» **WORK TASK**:
In the entries below, locate the line with "学佛人庄严在心,慈悲于行,没有恐惧,放下解脱。", then give again that line and all lines after it, exactly, with pictures omitted.

» **EXTRACTED DATA**:
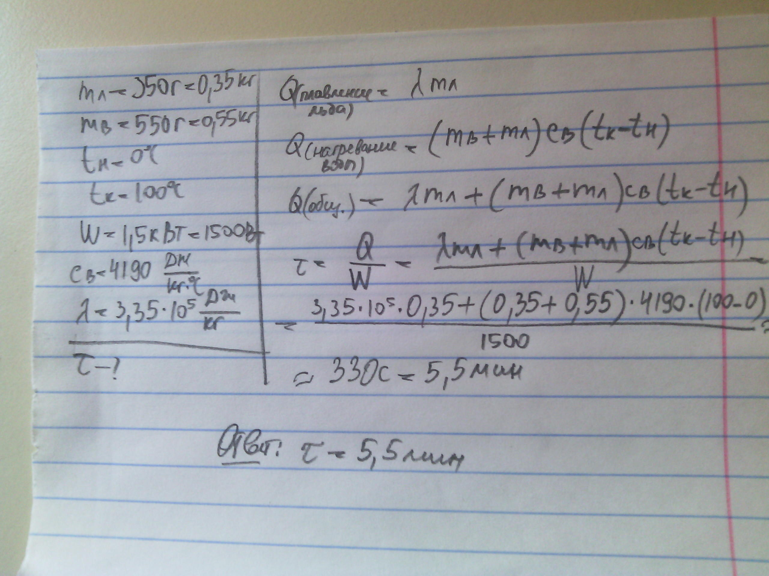Тонкостенный сосуд содержит смесь льда и воды, находящуюся при температуре 0 °С. Масса льда 350 г, а масса воды 550 г. Сосуд начинают нагревать на горелке мощностью 1,5 кВт. Сколько времени понадобится, чтобы довести содержимое сосуда до кипения? Потерями теплоты и удельной теплоёмкостью сосуда, а также испарением воды можно пренебречь. ПОМОГИТЕ ОЧЕНЬ СРОЧНО С ПОДРОБНЫМ РЕШЕНИЕМ.
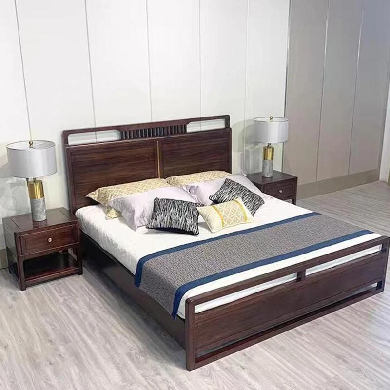 2025年新作!新中式デザインの高級感あふれる無垢材ブラックウォールナット製モダンシンプルダブルベッド。リビングルームにも最適、主寝室にぴったりの一品!
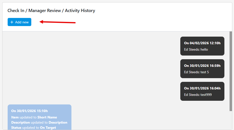 4. Add a new Check in / Manager Review / Activity History
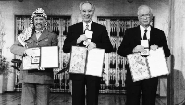 Το 1993, ο Γιτζάκ Ραμπίν και ο Γιάσερ Αραφάτ υπέγραψαν τη συμφωνία του Όσλο, που προέβλεπε την αποχώρηση των Ισραηλινών από τη λωρίδα της Γάζας. Η χειραψία που ακολούθησε, αν και αμήχανη, ήταν ιστορική.
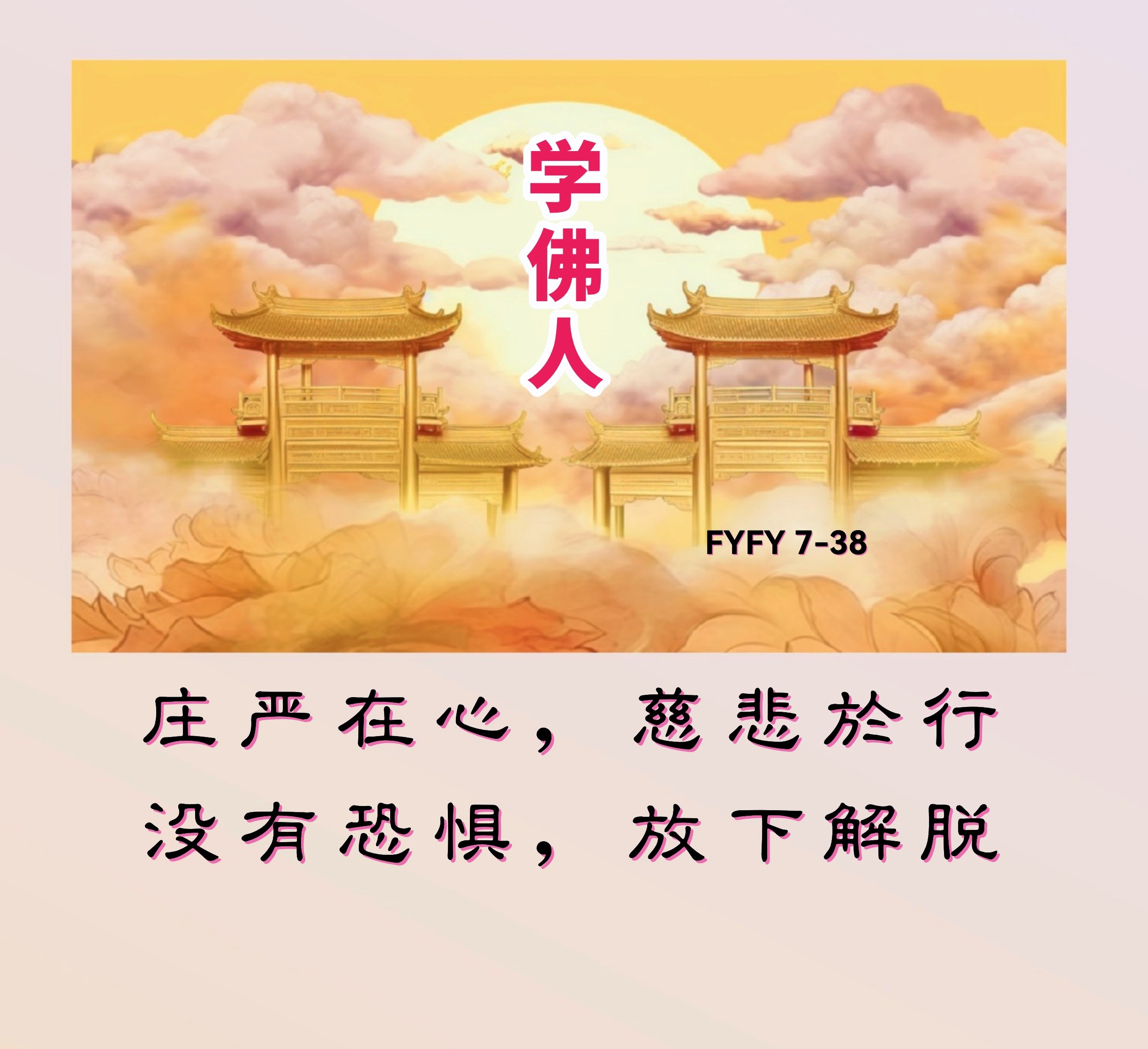 学佛人庄严在心,慈悲于行,没有恐惧,放下解脱。
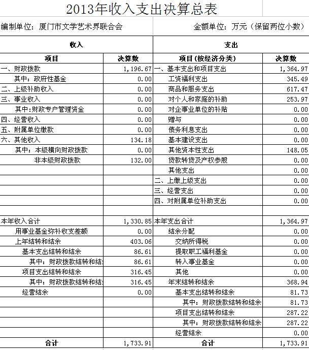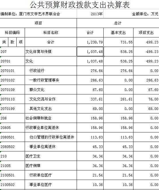 厦门市文联2013年部门决算说明
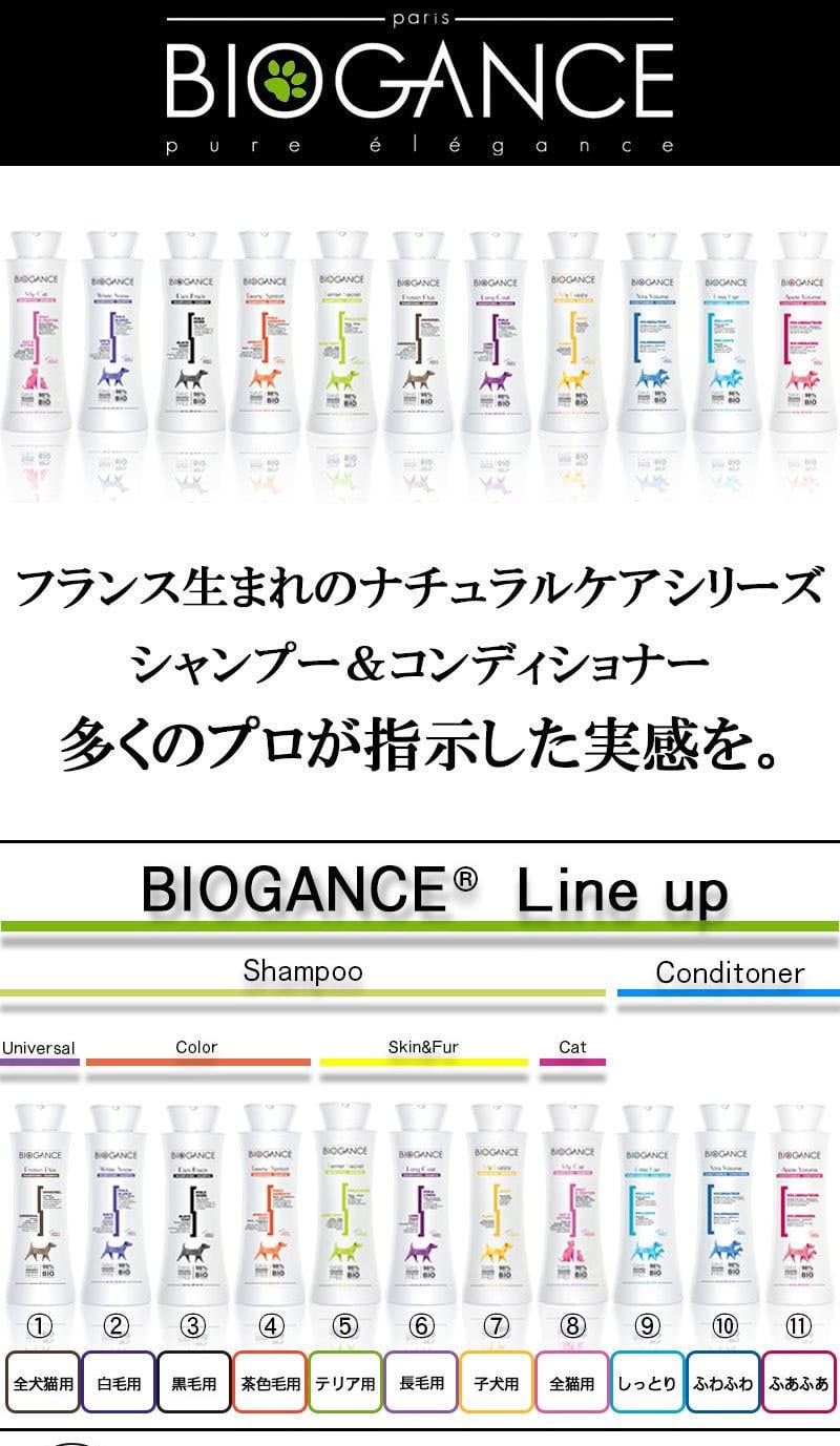 大自然の神秘にヒントを得て開発されたフランスNo.1ペットケアブランドです。天然オーガニック成分の働きを最大限に活用することによってペットと自然環境に優しい製品開発を行っています。パラベン、フェノキシエタノール、動物性油脂、合成着色料を使用していません。天然植物成分の力を活用することにより、健康なペットの本来備わる美しい被毛や健やかで清潔な被毛を維持することができると考えています。全ての製品について全成分と水素イオン指数(pH)を明記しています。

» **SOLUTION TO THE EXERCISE**:
 学佛人庄严在心,慈悲于行,没有恐惧,放下解脱。
 厦门市文联2013年部门决算说明
 大自然の神秘にヒントを得て開発されたフランスNo.1ペットケアブランドです。天然オーガニック成分の働きを最大限に活用することによってペットと自然環境に優しい製品開発を行っています。パラベン、フェノキシエタノール、動物性油脂、合成着色料を使用していません。天然植物成分の力を活用することにより、健康なペットの本来備わる美しい被毛や健やかで清潔な被毛を維持することができると考えています。全ての製品について全成分と水素イオン指数(pH)を明記しています。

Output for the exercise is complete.